Пойдут бревна на телеграфные столбы: по ним придет счастливая весть о нашей победе. Древесина пойдет на шахтную крепь, подопрет угольные пласты в забоях. Сейчас вся страна превращена в один опасный забой и надо его подпирать трудом: плечами, руками, спиной. Люди сибирского тыла – надежная, необрушная крепь Родины. Не раздавить, не расщепить ее врагам.

…Беррегиись! Паадаиит!..

Запрудины подпиливали лучками сосны и тьму: она оседала, рушилась на глубокие снега. Все ниже опускались пласты скупого рассвета, неудержимо скатывались со скользких куполов.

Осветлялись небеса – ужимались огни костров. Теряли над тьмою недолгую власть, отдавали ее новой солнечной силе.

Телогрейку Яков давно снял, укрепил на пояснице тонкой опояской.
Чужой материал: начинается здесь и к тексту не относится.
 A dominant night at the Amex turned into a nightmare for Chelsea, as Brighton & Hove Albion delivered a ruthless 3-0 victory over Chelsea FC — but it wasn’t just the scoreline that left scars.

При нагибе мороз холодит спину, стеженка не дает ему полной воли. Серая нательная рубаха мокра от пота. Мокреть просачивается через вторую байковую одежинку: спина покрывается махристым куржаком.
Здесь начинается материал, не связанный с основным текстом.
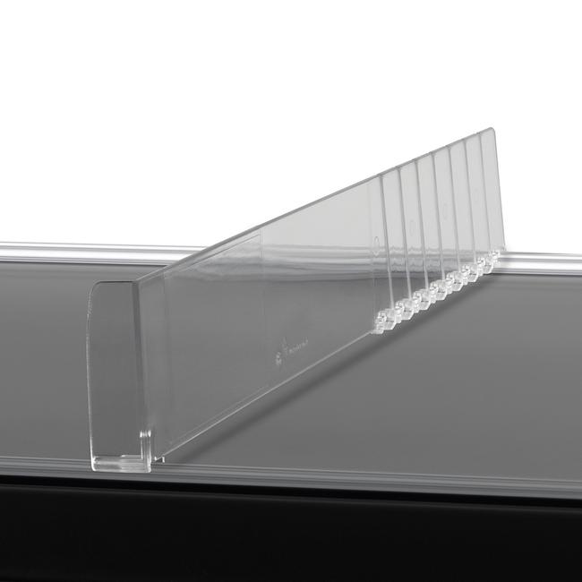 This shelf separator is made from clear, durable PET plastic. It is designed to be paired with the Adhesive T-Rail for Shelf Divider and the Divider Rail PEK (sold separately.) These rails mount to the front and back of the retail shelf, and then the shelf divider snaps onto the rails. The shelf divider can then be easily removed and relocated on the front and back rails. Adjustable shelf dividers are particularly beneficial, as they can be customized to accommodate products of various shapes and sizes, maximizing the use of available space. Shelf dividers can also be paired with our assortment of Series VI and VII shelf pushers (sold separately.)

Немеет левая рука, спаянная с лучком. Даже культя упрела, издергалась на подсобляющем плече.

Неугомонный лучок закручивает опилковые усы вокруг ствола.

– Сыноок, отдохни.

– Не устаал.

Захару приятно слышать отцовское жалеющее словцо – отдохни. Оно вливает свежую силу, бодрит и подгоняет лучок.

Кочанной капустой хрустит под пимами снег, усеянный корой, хвоей и опилками. Взамен статных авиасосен остаются низкие стандартные пни, напоминающие о вековой стойкой жизни деревьев.

Тихеевские артельцы медленнее рушат стволы. Аггей с кумой пятую сосну не опрокинули – напарница стала выдыхаться. Дергает пилу вяло, рывками.

– Курица! Тяни ровнее! – строжится Аггей.

– В воскресенье бог дал рукам покой.

– Война отменила всевышнее распоряжение. Тяни-тяни шибче. Не зря план и паек одной буквой накрепко связаны – сапожным ножом не разрежешь.

– Умаялась я, Аггеюшка. Ослобони на перекур.

– У тебя табак силу ворует. Курево дыхалку перекрывает.

– Ослобони.

– Уроним – отдохнешь. Я лучком попилю.

– Не устал че ли?

– Костлявый я – пружинистый.

Рухнула головушкой к костру очередная кубатурная сосна.

Вдова Валерия сидела на пне, распускала толстую самокрутку на пряди дыма. Курила в глубокую затяжку. Хмельно кружилась голова. Сошли с мест, закачались деревья. Неподалеку дед Аггей в рубахе-беспояске, в отвислых ватных штанах водил лучком-смычком по сосне. В ушах Валерии, опьяненной куревом, слышалась давно забытая мелодия мелькнувшей юности. Полегла луговыми цветами. Оплавилась утренней парной росой. Уплыла по быстрому течению времени ромашковыми венками. Костяные гребешки обломали зубья о густые черные волосы, проредили их. Набежные годы дохнули на пряди ранней изморозью.

Тятя Панкратий – мужик цыганских кровей – последний раз густо смазал колеса кочующей кибитки и навсегда оставил табор. Под Бийском наладил крепкое хозяйство. Всего было вдоволь – хлеба, масла, овса для коней, сливок и гнутых пряников. Обезжирили Панкратия, самого согнули пряником. И в Тихеевке не распрямился, не согнал с глаз плотной пелены. Под завихрение массового артельства загребла метучая метла не одного мужичка-середнячка. Покатился истертой подковой и тятя красавицы Валерии.

В Тихеевке прыщавый, развязный конвойник не давал проходу кулацкой дочери. Стыдила служаку словами, секла взглядом, била по рукам. Стройная, с плавной покатинкой бедер молодайка ловко выскальзывала из хватких рук. Посмеивалась в лицо парню:

«Ты, бриллиантовый мой, при погонах, при ремне. Вот и ходи опогоненный – не опоганенный».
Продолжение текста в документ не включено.